He had borrowed a meadow, acquired a cow, hired
a marquee, and wangled fifty army bell-tents and a
field-kitchen, about which in all probability questions
would be asked in the House. Finally as the result
of a brain-wave he had requisitioned the local boy
scouts. Later there would be the devil to pay with
the leaders of the Boys’ Brigade; but the bishop
abounded in tact.
When the time came, the meadow was there, the
bell-tents, the cow, and the boy scouts duly arrived;
but of the marquee nothing had been seen or heard,
and as for the field-kitchen, the War Office could
say little beyond the fact that it had left Aldershot.
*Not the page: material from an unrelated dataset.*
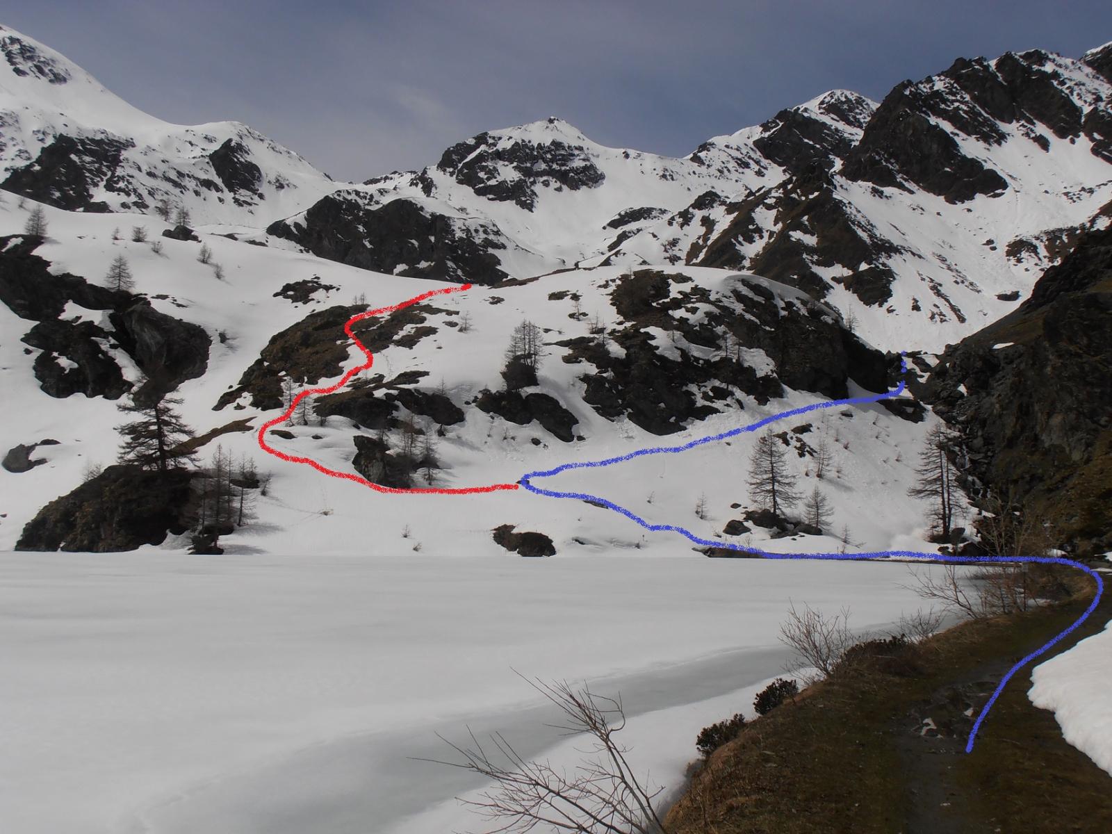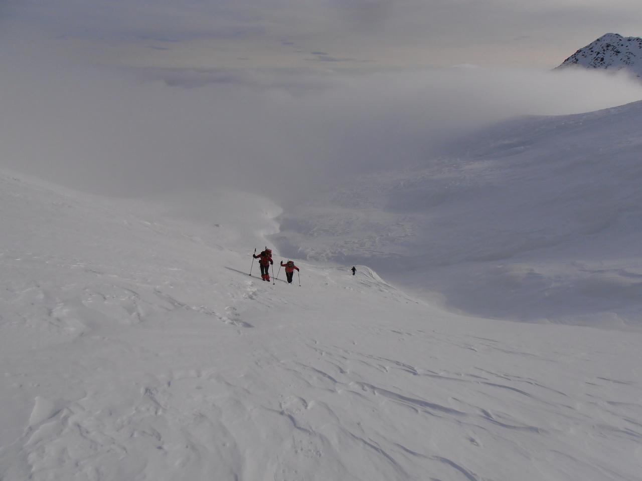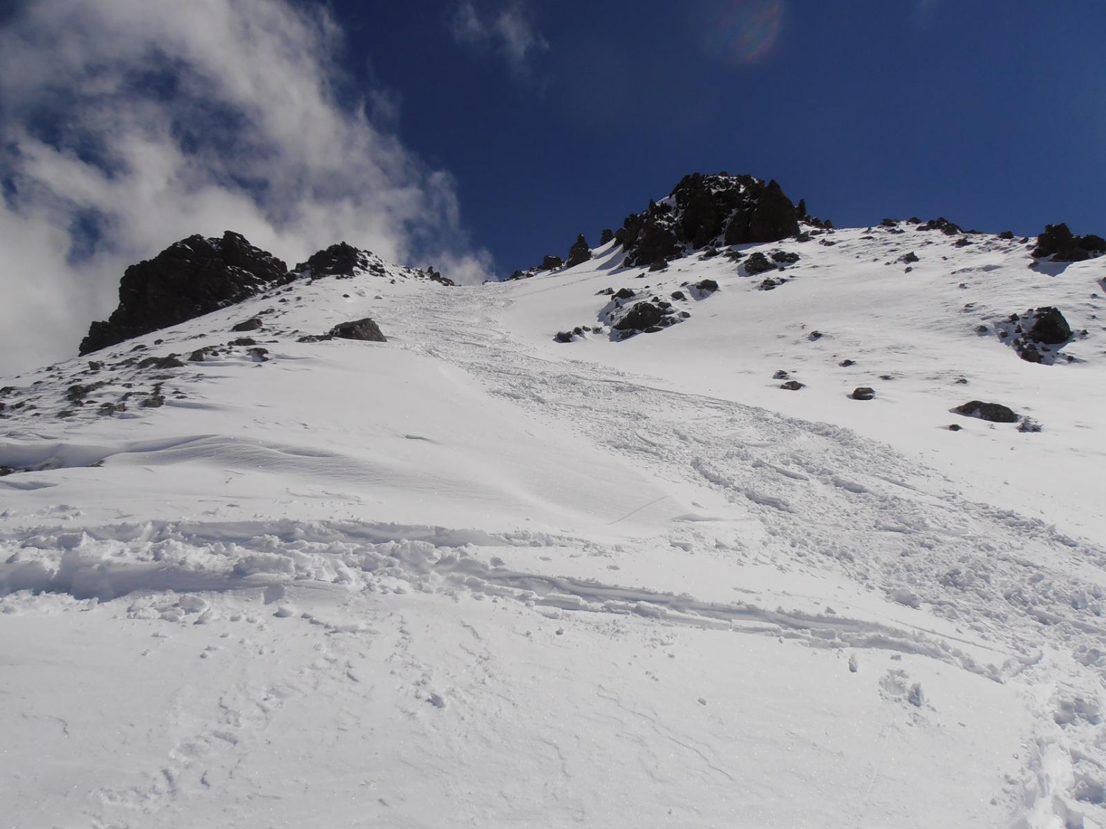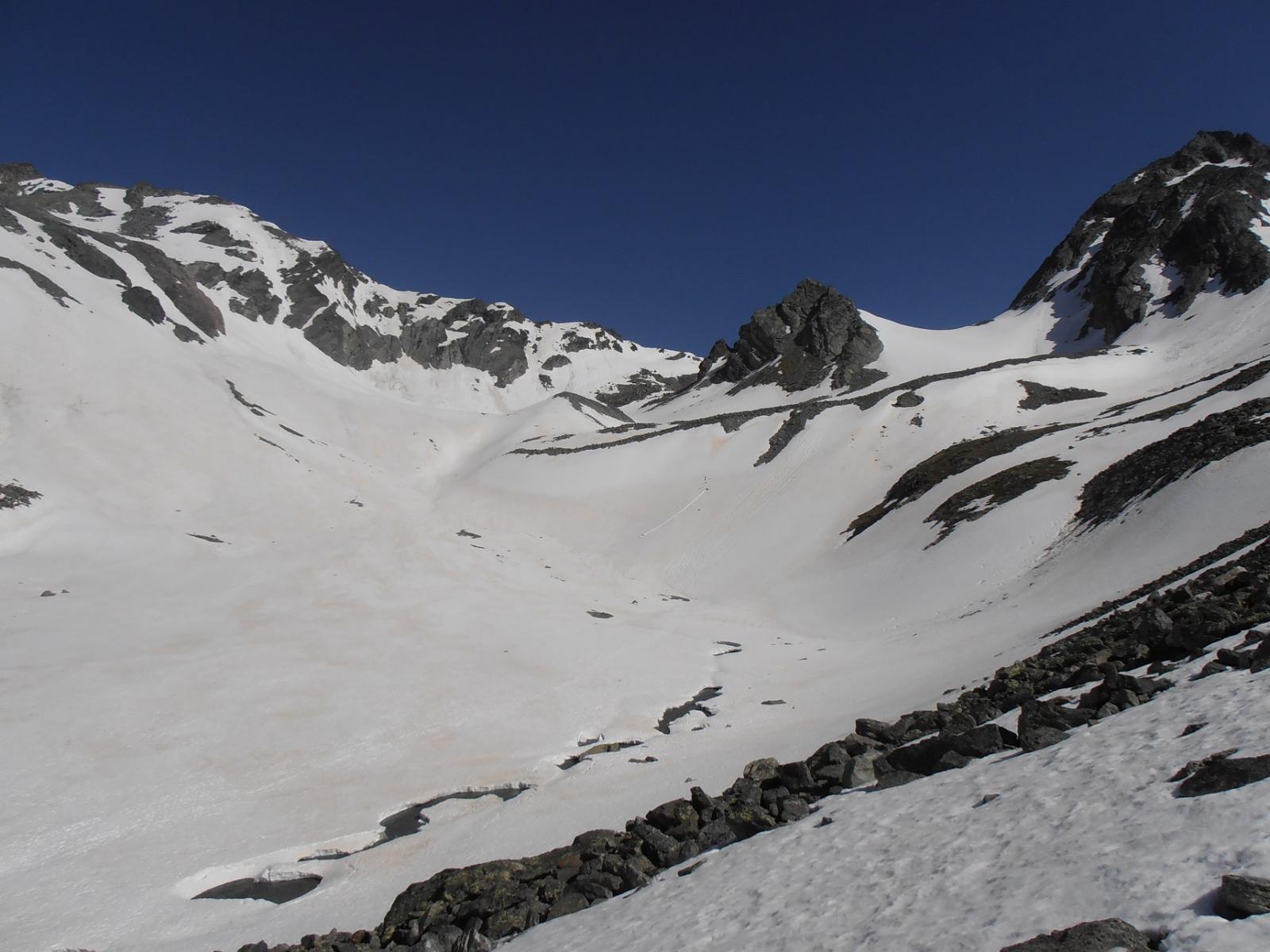 | tini | 11 - inizio discesa, arriva il maltempo da ovest | tini | 01 - Gran Chaux e Grande e Piccolo Avert sullo sfondo | tini | 02 - Punta Tessonet | tini | 03 - Punta di Leppe (a sx innevata) e C.di Leppe salita dal Vallone di S.Marcel | tini | 04 - Ingresso nel vallone di S.Marcel sotto l'imponente sella innevata del Col di Salé | tini | 05 - immettendosi nel vallone si intuisce la meta, ancora molto lontana | tini | 06 - il Vallone si allarga dopo i ripidi pendii nella zona delle miniere di Rame | tini | 07 - si calzano le ciaspole a partire da Mulac, dopo 1,5h di cammino | tini | 08 - i pendii ripidi hanno scaricato di recente, molto vicino a dove bisogna passare | tini | 09 - scorcio sul Grand Combin salendo | tini | 10 - in questa zona si inizia a salire un pò | tini | 11 - valanghe recenti proprio sul percorso, nessuna traccia di passaggio | tini | 12 - sulla valanga | tini | 13 - Lago Layet, non seguire la strada, a dx, ma risalire a sx se la neve è sicura (Roccette da aggirare) | tini | 14 - se si segue la strada bisogna tagliare questo pendio innevato...

For days the bishop worked indefatigably with
telephone and telegraph, endeavouring to trace the
errant field-kitchen and the missing marquee; but[Pg 169]
so much of his time had been occupied in obtaining
the necessary assistance to ensure that the cow was
properly and punctually milked, that other things,
being farther away, had seemed less insistent.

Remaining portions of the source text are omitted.